Image by Malkav via Flickr

I was never into punk rock. To me, it was all about boys chopping off their pretty early-eighties locks for punk haircuts (and from there it was a downward slide to skinhead-dom) while they talked bad about The Go-Go’s and Prince, which meant they were talking bad about girls and blacks. So I did not know a thing about Fishbone until I read that Everyday Sunshine: The Story of Fishbone was playing at the Guild Cinema. After seeing the documentary, I wish I’d known about them back then. I’d have loved them. At least, I think I would have. Hindsight is golden; after all, I used to shut the door to my room when Mom played her Led Zeppelin records, and didn’t find myself rocking out to “Whole Lotta Love” until I was in my mid-twenties. But I digress.

Fishbone’s dense, layered, vibrant music is a blend of punk plus what I felt was missing from punk music: rhythm, melody, rise and fall. As narrator Laurence Fishburne said, “They brought the funk to the punk.” When I watched their live performances, a stunning juxtaposition of chaotic energy and tight orchestration, I was surprised they didn’t achieve bigger stardom. One fan who was interviewed for the film said that Fishbone’s music was too complex for the masses to latch onto; another fan said they were too stylistically diverse to be contained in a marketable niche.
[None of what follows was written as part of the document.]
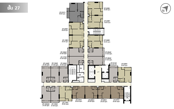 ชั้น 27 มีห้องพักอาศัยทั้งหมด 22 ยูนิต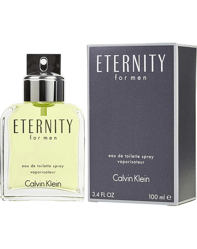 Eternity For Men de Calvin Klein es una fragancia de la familia olfativa Aromática Fougère para Hombres. Eternity For Men se lanzó en 1990. La Nariz detrás de esta fragrancia es Carlos Benaim. Las Notas de Salida son lavanda, mandarina, bergamota y limón (lima ácida); las Notas de Corazón son cilantro, azucena, flor de azahar del naranjo, bayas de enebro, albahaca, jazmín, salvia, lirio de los valles (muguete) y geranio; las Notas de Fondo son sándalo, ámbar, almizcle, vetiver y palo de rosa de Brasil.

The segregated music industry that had no idea what to do with an African American punk band was a factor as well.

At the Q&A session that followed the film, the audience got to ask film director Chris Metzler about his experiences working on this film. One viewer commented that it seemed like bassist Norwood was the grounded sensible one to lead singer Angelo’s crazier self. Chris Metzler said that after getting to know them, he concluded that both of them were kind of crazy. They were just crazy in different ways, so they balanced each other out. (One telling quote in the film was by Angelo himself: “Norwood and I are kind of like a married couple that want to be divorced for a minute, but they can’t because they’re f***ing married. We got kids. That’s the music.”) In listening to and watching my fellow film viewers who knew of Fishbone from the beginning and followed their career, it struck me how intensely they adored the band and cared about the band members’ happiness and relationships with each other.

Oh, what it would have meant to me to know of Fishbone during their heyday in the mid-eighties, when I was starting to realize there were repercussions to being both black and white, that I neither fit into the white world nor the black world, but a blend of both. Come to think of it, this is how Gwen Stefani describes Fishbone.

But the time is now. Time to go find Fishbone on iTunes.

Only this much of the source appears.